So, while risk assets are painting a more positive view of the world as we head into 2024, we think the reasons above are enough to warrant some caution, given the data implies a global slowdown is coming. To this end, we remain wary of equities and prefer the safety of fixed income.

It is true that inflation is slowing in major regions and the US economy is still resilient, but we believe that the underlying data does not support the recent positive moves we have seen in riskier assets such as equities over the final months of 2023. Incoming data that does not corroborate a soft-landing outcome has the potential to cause volatility. This might be in the form of higher inflation numbers, perhaps precipitated by oil prices moving higher, or growth slowing faster than expected.

In 2023, our positions in gold supported our defensive stance. The metal remained resilient in the face of higher real yields and a stronger US dollar. Rising geopolitical tensions, corporate failures and strong central bank purchases helped underpin support for the yellow metal. We still favour a position in gold due to its defensive nature.

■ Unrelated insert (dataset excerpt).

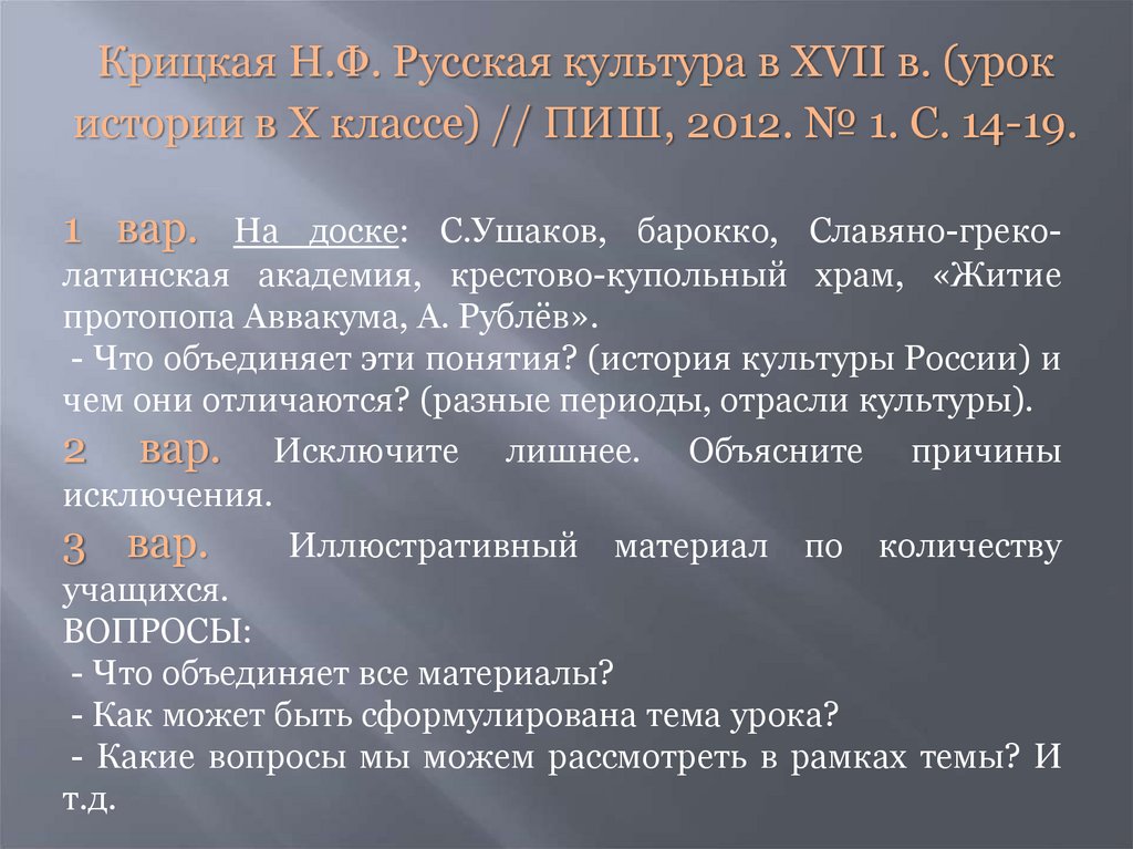 • Иоффе, А.Н. Структура современного урока истории и

After years of low yields, we believe bonds now look attractive and offer appealing characteristics to investors. Given the heightened risks to growth that we have mentioned above, coupled with the decelerating inflationary backdrop and weak returns in recent years, we believe the opportunity for markets at this junction lies within core fixed income assets. The yields now available in core markets are attractive on a medium to long-term basis. However, we are still wary of high yield bonds given the relative tightness of credit spreads in this part of the market.

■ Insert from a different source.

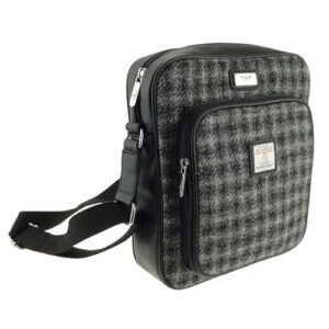 BRAW-CLANS-TARTANS-Harris-Tweed-Grey-Dogtooth-Tartan-Travel-Bag-Authentic-Gents-Handmade-Wool-Bag-with-Adjustable-Strap-and-Zip-Closure-Scottish-Traditional-accessory-for-Men-0

Although we remain cautious on equities as a whole, within our allocation we prefer defensive exposures such as utilities, minimum volatility strategies and the Fidelity Global Dividend Fund. If a global slowdown occurs in the coming months, as the data currently implies, we believe that small-caps should be well placed to outperform in a recovery as they have already endured substantial pain in the face of higher interest rates.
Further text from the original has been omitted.